___ Provided material ___
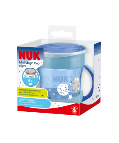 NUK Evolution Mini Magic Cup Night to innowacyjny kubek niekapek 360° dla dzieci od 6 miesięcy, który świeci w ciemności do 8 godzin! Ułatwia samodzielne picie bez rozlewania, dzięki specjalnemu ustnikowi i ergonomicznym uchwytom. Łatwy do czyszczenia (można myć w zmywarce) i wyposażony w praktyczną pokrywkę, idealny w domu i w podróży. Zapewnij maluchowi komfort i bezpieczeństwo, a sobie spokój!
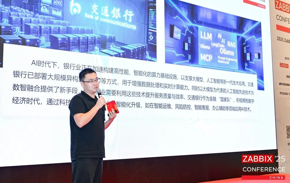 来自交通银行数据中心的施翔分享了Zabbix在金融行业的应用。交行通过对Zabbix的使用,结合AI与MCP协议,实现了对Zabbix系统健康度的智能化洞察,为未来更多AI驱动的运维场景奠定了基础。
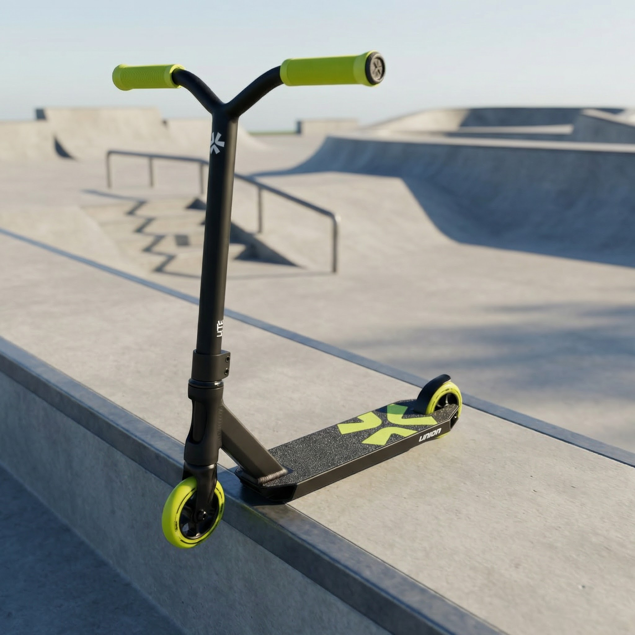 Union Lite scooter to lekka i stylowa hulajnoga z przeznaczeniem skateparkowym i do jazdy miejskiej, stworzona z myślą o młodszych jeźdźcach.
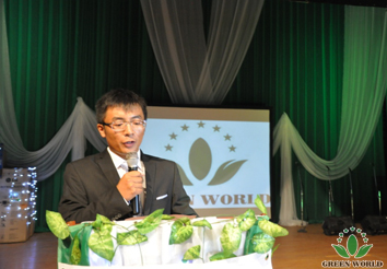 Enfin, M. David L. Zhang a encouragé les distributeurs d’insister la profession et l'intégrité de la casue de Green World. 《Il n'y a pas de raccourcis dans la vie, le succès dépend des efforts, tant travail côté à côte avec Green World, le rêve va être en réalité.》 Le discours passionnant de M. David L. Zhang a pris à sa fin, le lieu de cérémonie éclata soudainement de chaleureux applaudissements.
___
___ Provided material ___
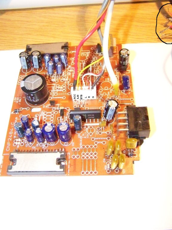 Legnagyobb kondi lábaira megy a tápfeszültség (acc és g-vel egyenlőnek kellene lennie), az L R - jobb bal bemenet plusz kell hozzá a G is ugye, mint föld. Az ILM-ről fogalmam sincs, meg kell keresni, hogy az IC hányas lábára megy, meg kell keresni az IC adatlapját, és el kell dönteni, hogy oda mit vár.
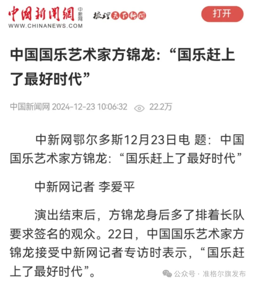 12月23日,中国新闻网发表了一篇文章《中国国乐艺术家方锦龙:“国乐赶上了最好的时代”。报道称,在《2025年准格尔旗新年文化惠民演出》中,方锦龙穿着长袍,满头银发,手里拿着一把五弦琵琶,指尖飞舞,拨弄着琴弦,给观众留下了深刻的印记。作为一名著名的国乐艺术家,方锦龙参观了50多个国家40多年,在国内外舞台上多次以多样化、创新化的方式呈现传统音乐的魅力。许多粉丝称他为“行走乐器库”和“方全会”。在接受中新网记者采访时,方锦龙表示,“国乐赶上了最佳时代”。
___
▸ What to work on
From the material above, give again exactly the lines from the one that contains "NUK Evolution Mini" through the one that contains "Enfin, M. David", and leave out the pictures.

▸ Written response
 NUK Evolution Mini Magic Cup Night to innowacyjny kubek niekapek 360° dla dzieci od 6 miesięcy, który świeci w ciemności do 8 godzin! Ułatwia samodzielne picie bez rozlewania, dzięki specjalnemu ustnikowi i ergonomicznym uchwytom. Łatwy do czyszczenia (można myć w zmywarce) i wyposażony w praktyczną pokrywkę, idealny w domu i w podróży. Zapewnij maluchowi komfort i bezpieczeństwo, a sobie spokój!
 来自交通银行数据中心的施翔分享了Zabbix在金融行业的应用。交行通过对Zabbix的使用,结合AI与MCP协议,实现了对Zabbix系统健康度的智能化洞察,为未来更多AI驱动的运维场景奠定了基础。
 Union Lite scooter to lekka i stylowa hulajnoga z przeznaczeniem skateparkowym i do jazdy miejskiej, stworzona z myślą o młodszych jeźdźcach.
 Enfin, M. David L. Zhang a encouragé les distributeurs d’insister la profession et l'intégrité de la casue de Green World. 《Il n'y a pas de raccourcis dans la vie, le succès dépend des efforts, tant travail côté à côte avec Green World, le rêve va être en réalité.》 Le discours passionnant de M. David L. Zhang a pris à sa fin, le lieu de cérémonie éclata soudainement de chaleureux applaudissements.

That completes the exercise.